Task goal >>
Copy exactly the lines from the line holding "Ich schlage vor, die" through the end of the material, and no others; pictures stay out.

Collected material >>
------------------------
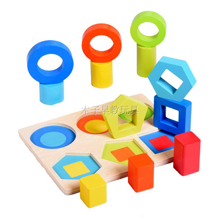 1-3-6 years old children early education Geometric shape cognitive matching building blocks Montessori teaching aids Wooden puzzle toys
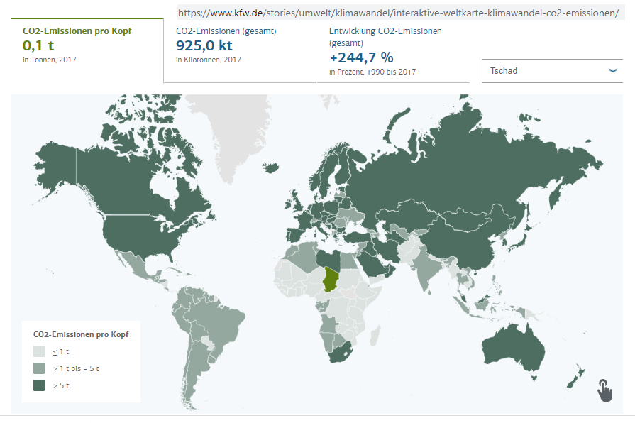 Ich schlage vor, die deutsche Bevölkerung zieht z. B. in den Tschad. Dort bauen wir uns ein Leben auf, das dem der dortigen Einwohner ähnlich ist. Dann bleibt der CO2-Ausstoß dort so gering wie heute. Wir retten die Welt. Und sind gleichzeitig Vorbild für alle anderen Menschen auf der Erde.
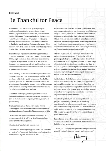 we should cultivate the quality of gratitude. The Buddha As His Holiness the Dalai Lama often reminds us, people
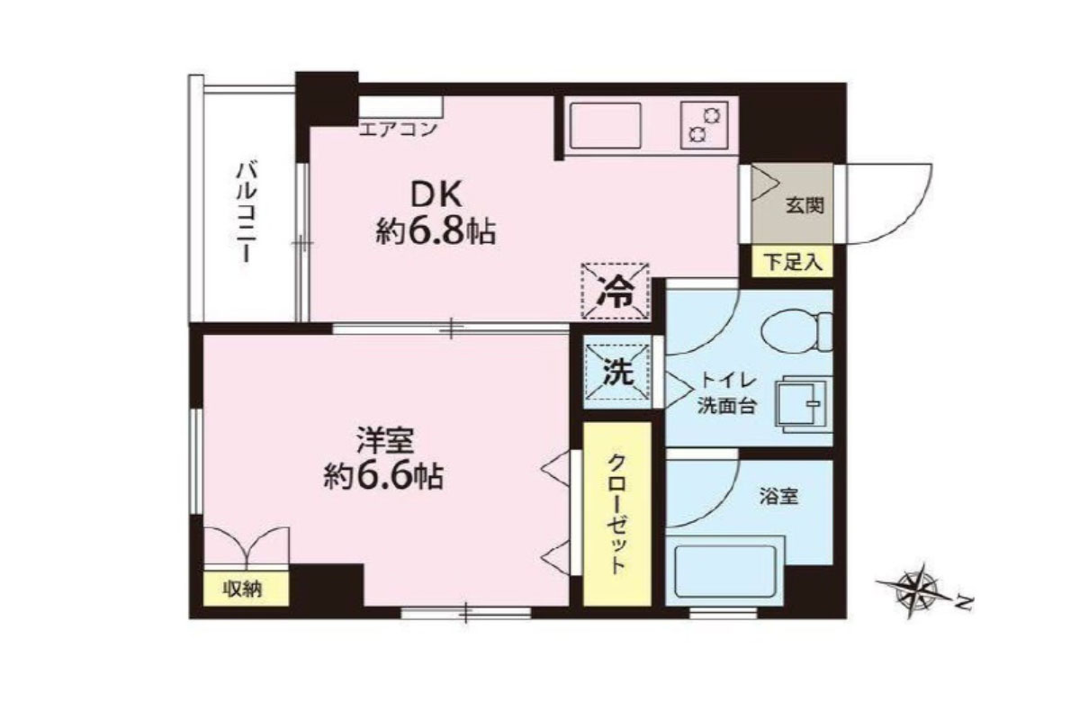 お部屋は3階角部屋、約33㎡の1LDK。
------------------------
Solution for this exercise >>
 Ich schlage vor, die deutsche Bevölkerung zieht z. B. in den Tschad. Dort bauen wir uns ein Leben auf, das dem der dortigen Einwohner ähnlich ist. Dann bleibt der CO2-Ausstoß dort so gering wie heute. Wir retten die Welt. Und sind gleichzeitig Vorbild für alle anderen Menschen auf der Erde.
 we should cultivate the quality of gratitude. The Buddha As His Holiness the Dalai Lama often reminds us, people
 お部屋は3階角部屋、約33㎡の1LDK。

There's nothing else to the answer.